Breaking the Ramadan fast, Dubai – photo by Francois Nel

From Sarah Kliff:

Nevada, with little fanfare or notice, is inching toward a massive health insurance expansion — one that would give the state’s 2.8 million residents access to a public health insurance option.

The Nevada legislature passed a bill Friday that would allow anyone to buy into Medicaid, the public program that covers low-income Americans. It would be the first state to open the government-run program to all residents, regardless of their income or health status.

This is “Medicaid for All”, not “Medicare for All”, which several Democrats have proposed over the years. Medicare for all has always fizzled out, due to a lack of political support.

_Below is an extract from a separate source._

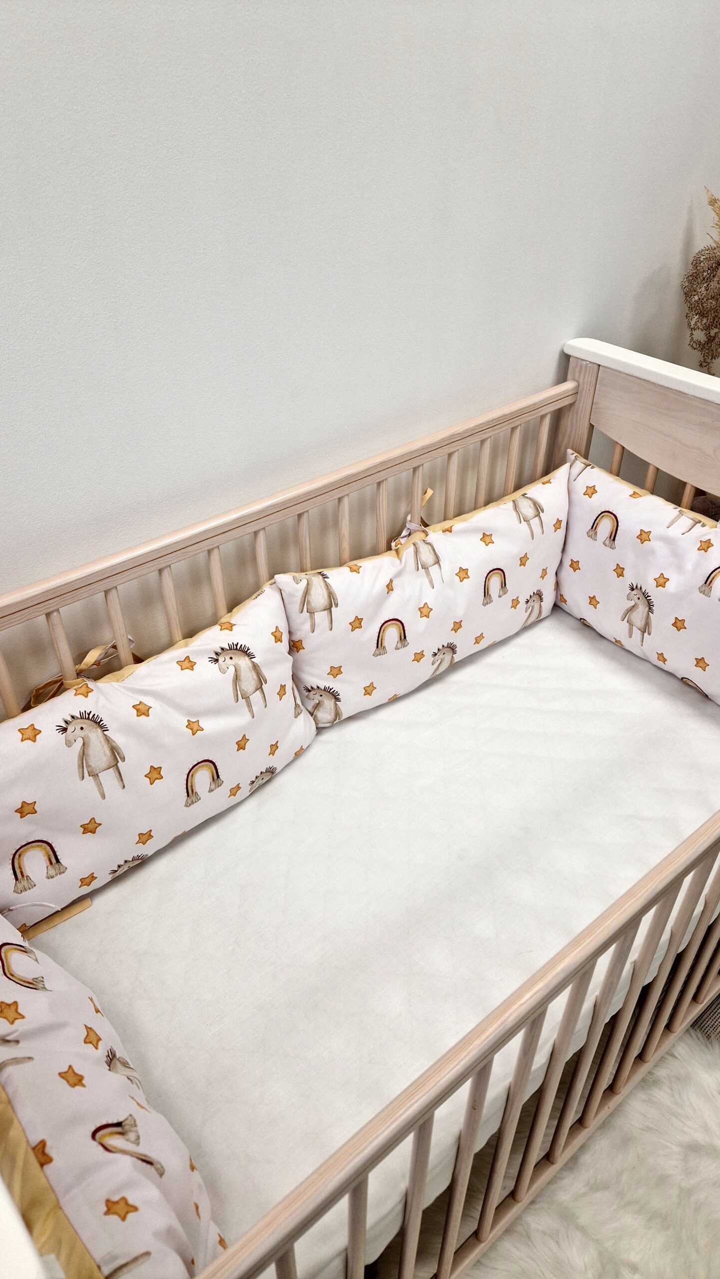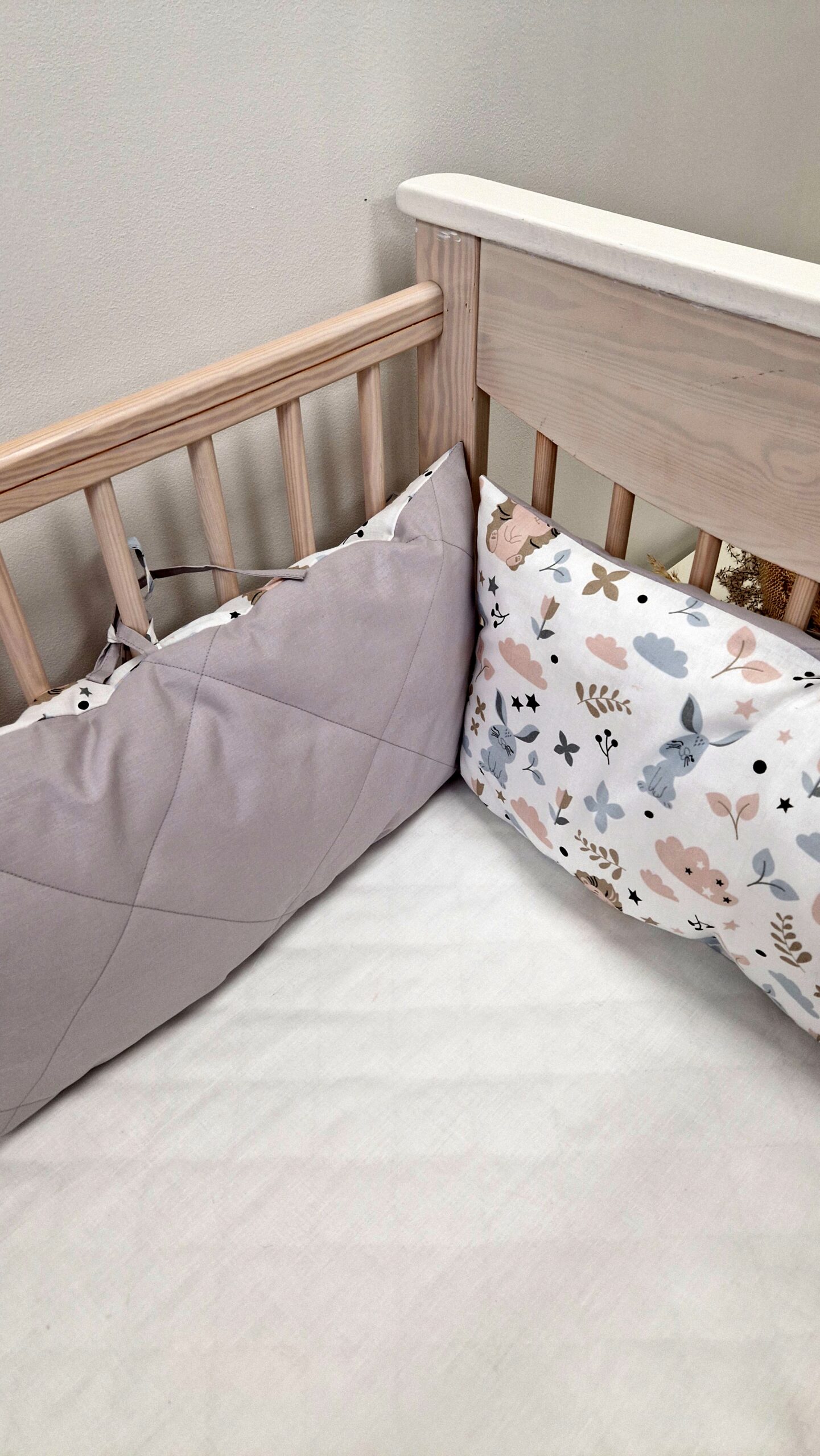 Pageidavus ilgesnius šonus galime pasiūti 30x120cm, susisiekite su mumis prieš užsakant.Viena apsaugėlių pusė yra sudygsniuota,kita ligi be dygsniavimo. Jeigu pageidaujate abieju pusių sudygsniuotu, parašykite prie užsakymo pastabų ar tiesiog parašykite mums.

Medicaid for all offers an interesting alternative. Medicaid coverage generally costs less than Medicare for all because the program pays doctors lower rates. This could make it cheaper for low-income price-sensitive consumers who can’t afford the Obamacare monthly premiums. More from Sarah Kliff:

Nevada’s bill to allow a broader Medicaid buy-in is short, running just four pages. It would allow any state resident who lacks health insurance coverage to buy into the state Medicaid program, which would sell under the name the Nevada Care Plan.

Under the Nevada bill, people who qualify for tax credits under the Affordable Care Act would be able to use those credits to buy Medicaid coverage instead. People who don’t qualify for credits would be able to use their own money to buy in. It is likely that the plan would be sold on Nevada’s health insurance marketplace, making it a public option that competed against the private health insurance plans selling there.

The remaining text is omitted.